Leaving out all images, return the entries below exactly.
==== Task material
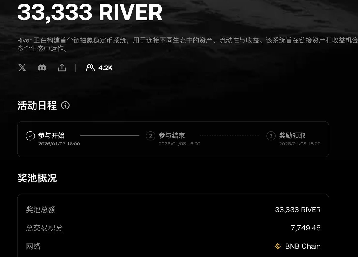 OKX Boost 新年第二个项目来了。每错就是一直拉的 @River4fun ,25年最大的黑马项目。Tge至今也有近20X涨幅。无奈很多人不看好,就是一直拉。 这次活动总共33,333 $River ,按照现在18.5U的价格,总价值超600,000U 资格:200U余额+500U交易 还没注册的可以走我链接,省20%手续费。 :https://t.co/xfQnPn0gCN
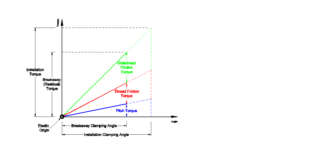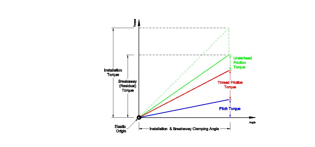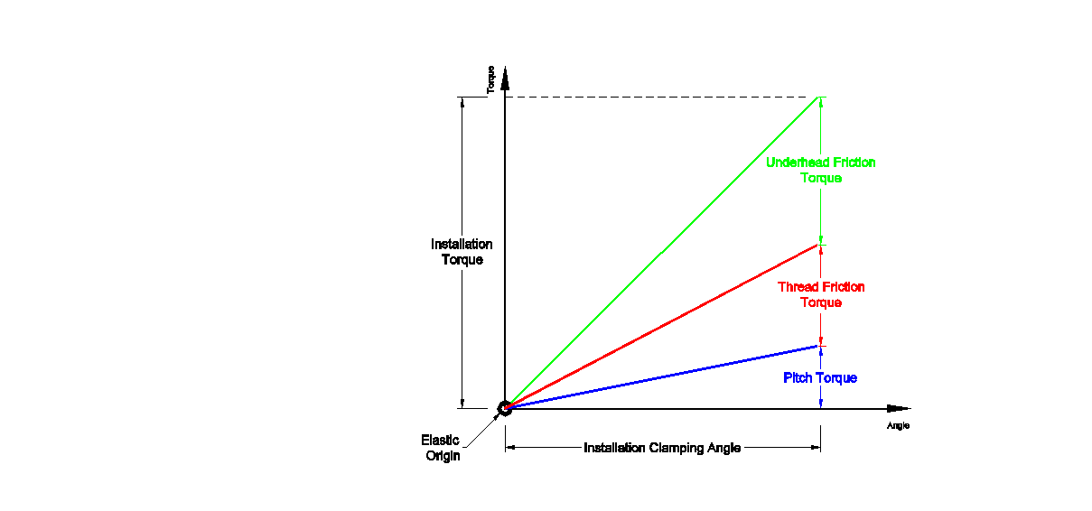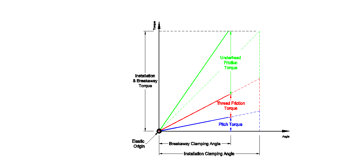 The torque applied to a fastener must overcome the friction in both the underhead region and in the threads to produce tension in the joint. The torque is broken down into three parts: underhead friction torque, thread friction torque, and pitch torque (the torque used to produce tension). Figure 1 shows the elastic region of a torque-angle signature projected back to the elastic origin and breaks out the torque values.
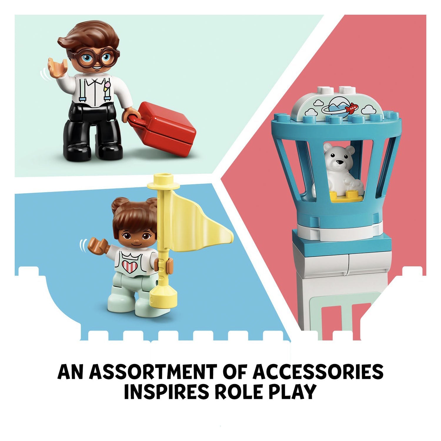 - Includes 3 DUPLO® figures – dad, girl and a pilot – an airplane with a removable roof and a rotatable airport control tower with luggage slide.
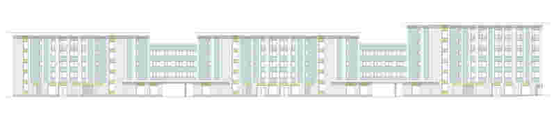 Taking into account the aspects of sustainability, as well as the time constraints of the project, the development will be realised in a timber hybrid construction. The architectural approach is based less on individual details and more on the interaction of the individual parts to form an effective overall sum. Here, the focus of the design is on the readable joining of these elements, the different structures of the façades, the similar but not identical houses, differentiated building heights, as well as the generous passageways. The colour accents and structures of the cladding, which vary in nuances, the slightly jumping relief of the exterior walls and balconies also contribute to creating spatial density and complexity in the sense of a lively neighbourhood identity. Another defining element is the wide cantilevered roof surfaces and pergolas, which not only serve to technically maximise solar gain, but also make the theme of sustainable neighbourhood supply visible and tangible to the outside world.
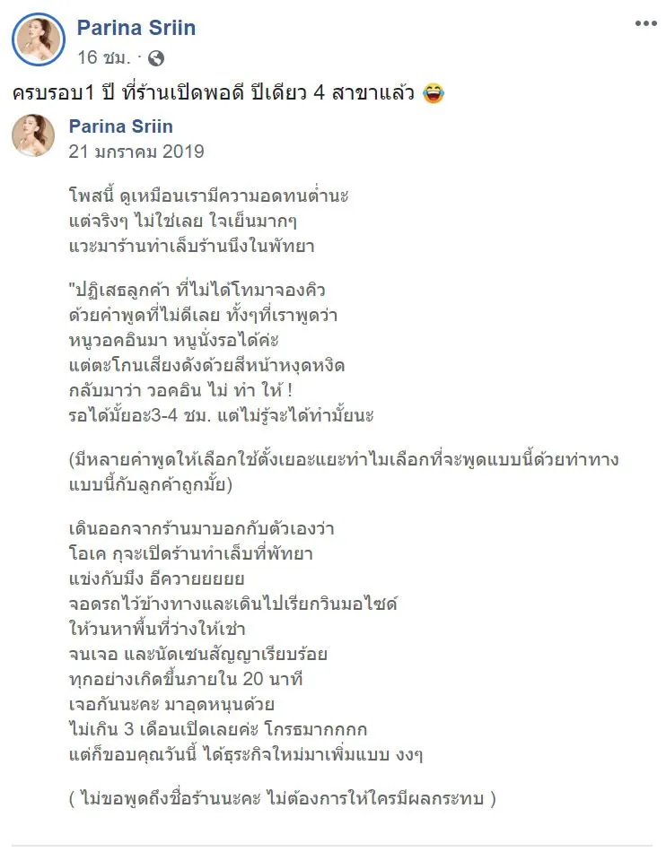 จากกรณีผู้ใช้เฟซบุ๊ค Parina Sriin หรือ โม-ปริณาห์ ศรีอินทร์ ได้โพสต์ เมื่อวันที่ 21 ม.ค 63 ที่ผ่านมา เล่าเรื่องราวที่ไม่น่าประทับใจ หลังจากที่เจ้าตัวได้เข้าไปใช้บริการร้านทำเล็บแห่งหนึ่งในเมืองพัทยา ถูกช่างร้านทำเล็บ แสดงพฤติกรรมไม่ดีใส่ เนื่องจากเธอเข้าไปที่ร้าน หวังที่จะทำเล็บ แต่กลับถูกช่วงตระโกนไล่ แถมบอกว่าไม่ทำให้ เพราะไม่ได้โทรมาจองคิวล่วงหน้า ทำให้เธอแค้นใจ จึงตัดสินใจเปิดร้านแข่งภายในเวลา 20 นาที
========
#### [Task response]
 OKX Boost 新年第二个项目来了。每错就是一直拉的 @River4fun ,25年最大的黑马项目。Tge至今也有近20X涨幅。无奈很多人不看好,就是一直拉。 这次活动总共33,333 $River ,按照现在18.5U的价格,总价值超600,000U 资格:200U余额+500U交易 还没注册的可以走我链接,省20%手续费。 :https://t.co/xfQnPn0gCN
 The torque applied to a fastener must overcome the friction in both the underhead region and in the threads to produce tension in the joint. The torque is broken down into three parts: underhead friction torque, thread friction torque, and pitch torque (the torque used to produce tension). Figure 1 shows the elastic region of a torque-angle signature projected back to the elastic origin and breaks out the torque values.
 - Includes 3 DUPLO® figures – dad, girl and a pilot – an airplane with a removable roof and a rotatable airport control tower with luggage slide.
 Taking into account the aspects of sustainability, as well as the time constraints of the project, the development will be realised in a timber hybrid construction. The architectural approach is based less on individual details and more on the interaction of the individual parts to form an effective overall sum. Here, the focus of the design is on the readable joining of these elements, the different structures of the façades, the similar but not identical houses, differentiated building heights, as well as the generous passageways. The colour accents and structures of the cladding, which vary in nuances, the slightly jumping relief of the exterior walls and balconies also contribute to creating spatial density and complexity in the sense of a lively neighbourhood identity. Another defining element is the wide cantilevered roof surfaces and pergolas, which not only serve to technically maximise solar gain, but also make the theme of sustainable neighbourhood supply visible and tangible to the outside world.
 จากกรณีผู้ใช้เฟซบุ๊ค Parina Sriin หรือ โม-ปริณาห์ ศรีอินทร์ ได้โพสต์ เมื่อวันที่ 21 ม.ค 63 ที่ผ่านมา เล่าเรื่องราวที่ไม่น่าประทับใจ หลังจากที่เจ้าตัวได้เข้าไปใช้บริการร้านทำเล็บแห่งหนึ่งในเมืองพัทยา ถูกช่างร้านทำเล็บ แสดงพฤติกรรมไม่ดีใส่ เนื่องจากเธอเข้าไปที่ร้าน หวังที่จะทำเล็บ แต่กลับถูกช่วงตระโกนไล่ แถมบอกว่าไม่ทำให้ เพราะไม่ได้โทรมาจองคิวล่วงหน้า ทำให้เธอแค้นใจ จึงตัดสินใจเปิดร้านแข่งภายในเวลา 20 นาที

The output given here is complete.